Sen. Lindsey Graham, R-S.C., on Tuesday introduced legislation that would allow President Trump to impose a wide range of sanctions on the Chinese government if it refuses to cooperate with an international investigation into the origins of the coronavirus.
“I’m convinced that without Chinese Communist Party deception the virus would not be here in the United States,” Graham said in a statement. “China refuses to allow the international community to go into the Wuhan lab to investigate. They refuse to allow investigators to study how this outbreak started. I’m convinced China will never cooperate with a serious investigation unless they are made to do so. This hard-hitting piece of legislation will sanction China until they cooperate with investigators. “
The COVID-19 Accountability Act would require Trump to certify to Congress that China had: cooperated with an international coronavirus investigation, led by either the U.S., an ally or a U.N. body; closed all relevant wet markets, and released Hong Kong pro-democracy protesters arrested during the crisis.
If not, then Trump would be authorized by Congress to impose a range of sanctions — including asset freezes, travel bans and measures barring U.S. institutions from making loans to Chinese businesses.
The bill is co-sponsored by Sens.
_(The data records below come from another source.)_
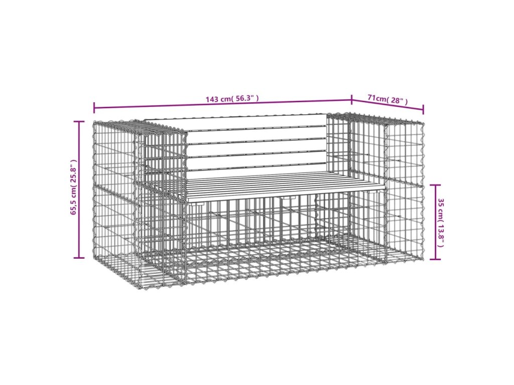 - Pevná a stabilná základňa: Táto vonkajšia lavička má základňu z koša z galvanizovanej ocele. Je navrhnutá tak, aby bola vyplnená kameňmi a štrkom pre dodatočnú krásu. Mriežku tvoria priečne a pozdĺžne drôty, ktoré sú zvarené na každom prieseku pre čo najväčšiu stabilitu.
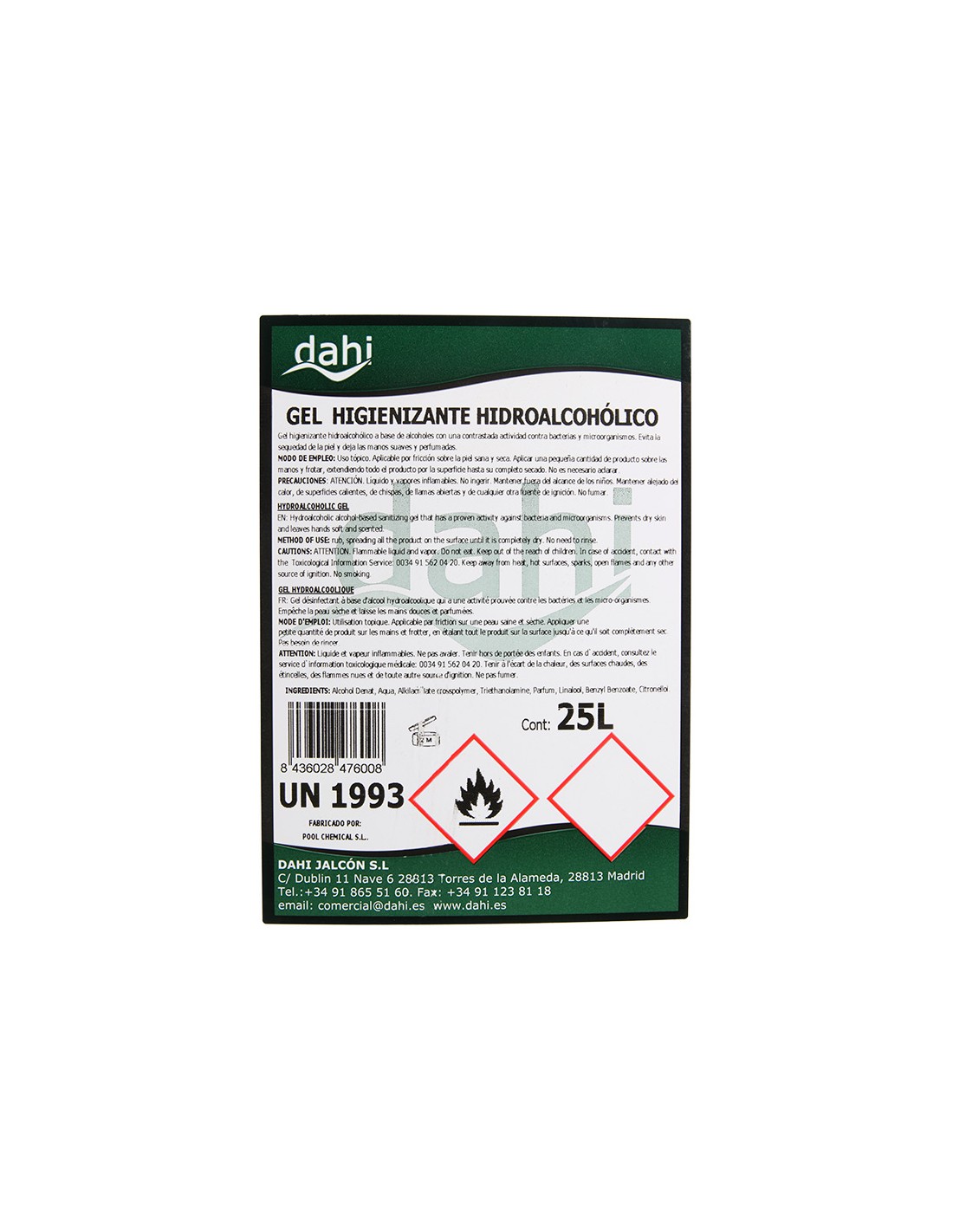 Gel hidroalcoholico higienizante dahi para manos garrafa de 25 litros
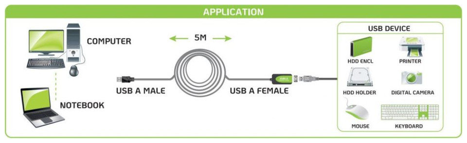 Επεκτείνει και ενισχύει το σήμα USB μεταξύ της συσκευής και του υπολογιστή
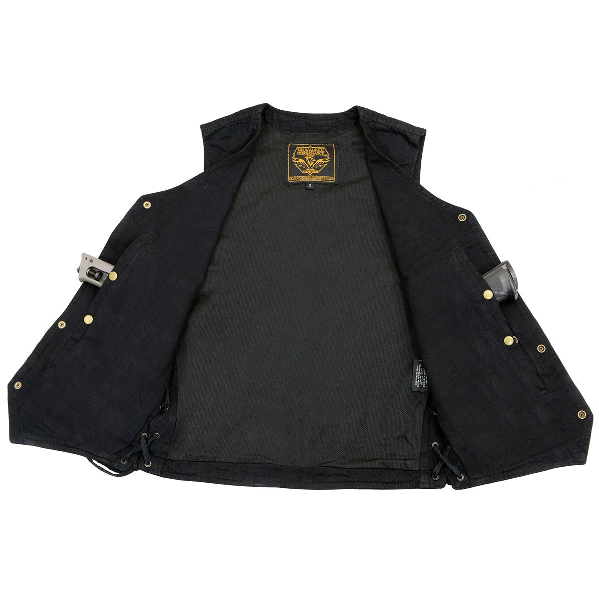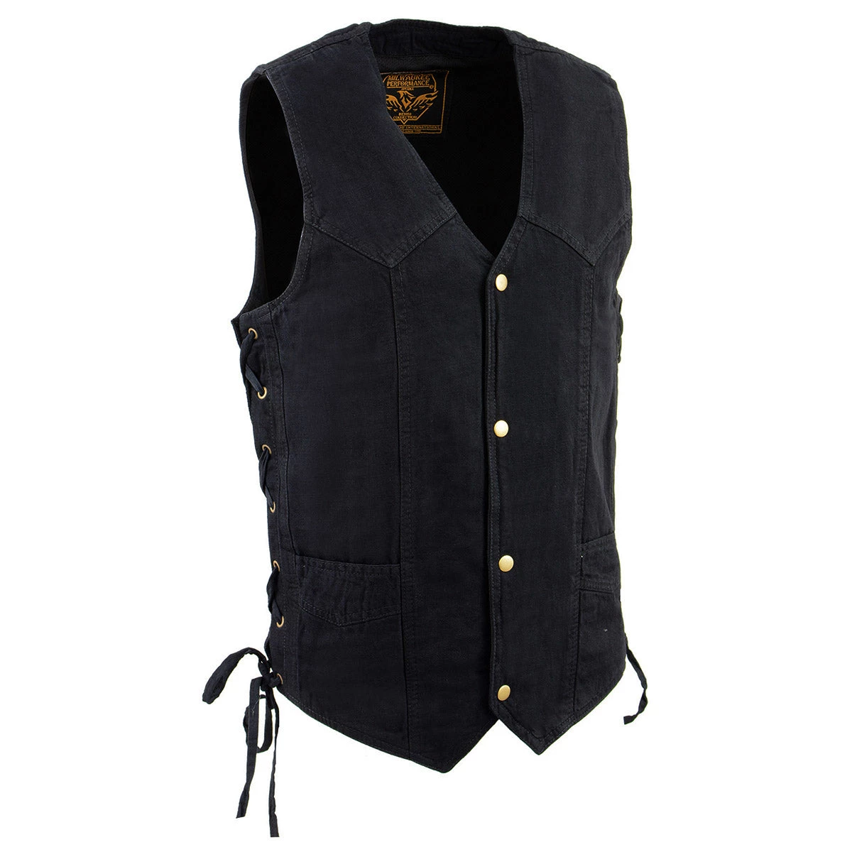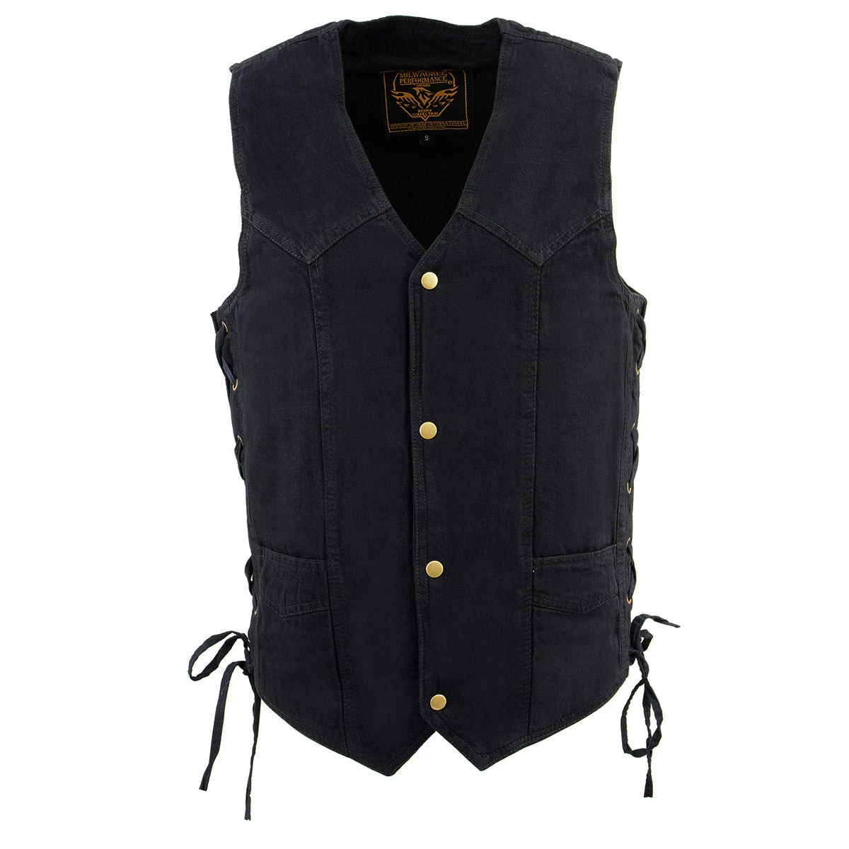 Milwaukee Leather DM1315 Men’s Black Denim Classic Side Lace Snap Front Vest
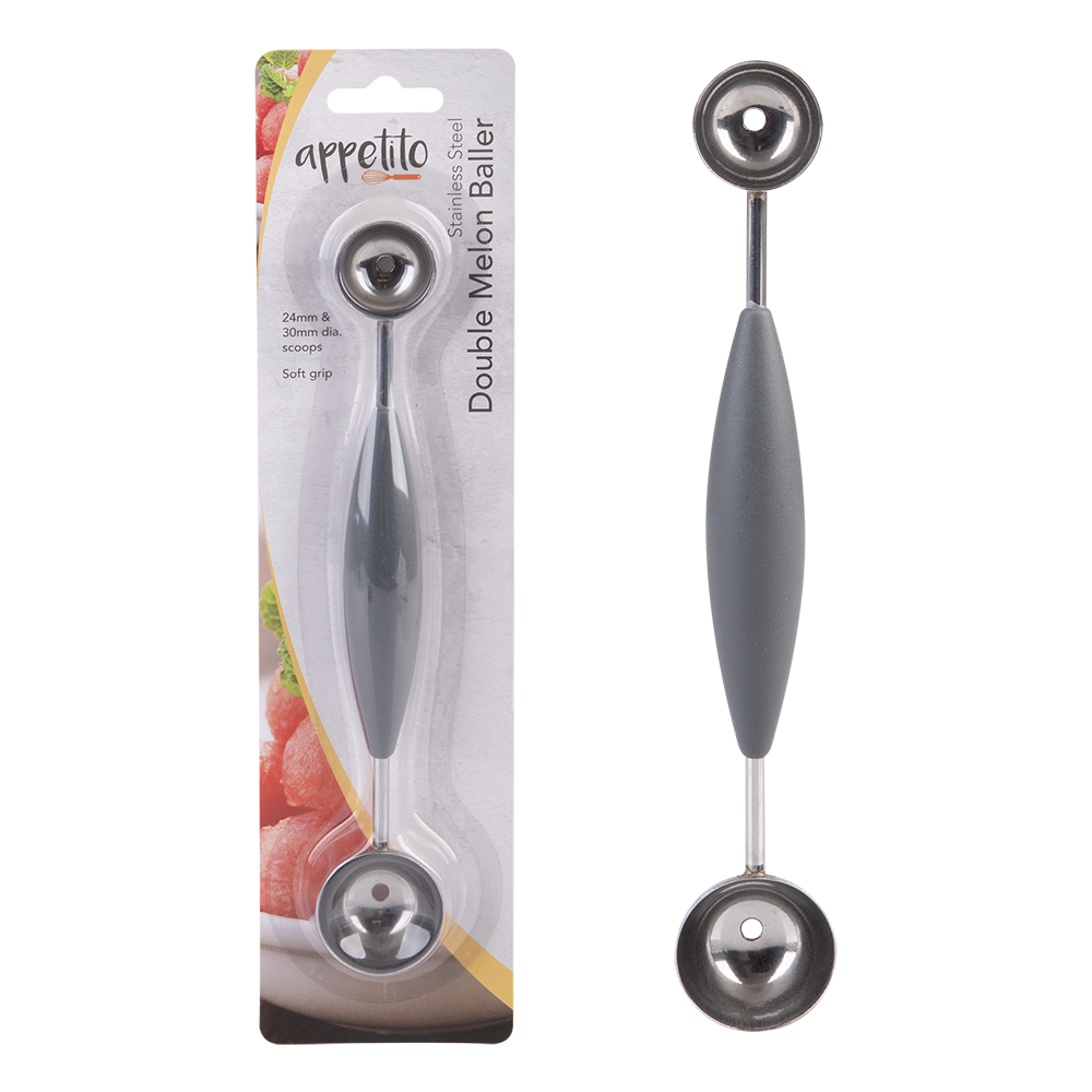 The Appetito Stainless Steel Double Melon Baller is perfect for creating insta-worthy fruit salads.

Thom Tillis, R-N.C., Cindy Hyde-Smith, R-Miss., Mike Braun, R-Ind., Rick Scott, R-Fla., Steve Daines, R-Mont., Todd Young, R-Ind., Jim Inhofe, R-Okla., and Roger Wicker, R-Miss.
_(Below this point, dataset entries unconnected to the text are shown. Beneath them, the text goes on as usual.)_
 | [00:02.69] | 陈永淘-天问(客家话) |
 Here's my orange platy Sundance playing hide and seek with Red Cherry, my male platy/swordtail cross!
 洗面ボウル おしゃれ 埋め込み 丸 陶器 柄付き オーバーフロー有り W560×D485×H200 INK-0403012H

“China must be more forthcoming as investigations begin and we endeavor to learn lessons from this disaster,” Hyde-Smith said. “This legislation will demonstrate to the communist regime in Beijing that the world needs answers on how this pandemic started and spread misery across the globe.”
It comes as part of a growing appetite in Congress to investigate and possibly punish the Chinese for their actions in the initial outbreak of the crisis.
House Republicans last week launched a “China Task Force” to coordinate a strategy against the geopolitical threat from Beijing — eyed as a clearinghouse to coordinate responses to the threat from China.
Meanwhile, the U.S. is investigating how the virus initially spread — and particularly whether it was the result of an accident at a laboratory in Wuhan, China, or the result of transmission at a nearby wet market.
Fox News reported in April that there is increasing confidence from U.S. officials about the role of the laboratory, where it is believed that naturally occurring strain was being studied as part of an effort to show Chinese superiority in identifying and combating viruses. Director of National Intelligence Richard Grenell later announced that the U.S. is investigating that possibility.
Meanwhile, a 15-page document from the intelligence agencies of the U.S., Canada, the U.K., Australia and New Zealand was obtained by Australia’s Saturday Telegraph newspaper and reportedly found that China’s secrecy amounted to an “assault on international transparency.”
The dossier highlighted the initial denial by the Chinese government that the virus could be transmitted between humans, the silencing of doctors, destruction of evidence, and a refusal to provide samples to scientists working on a vaccine.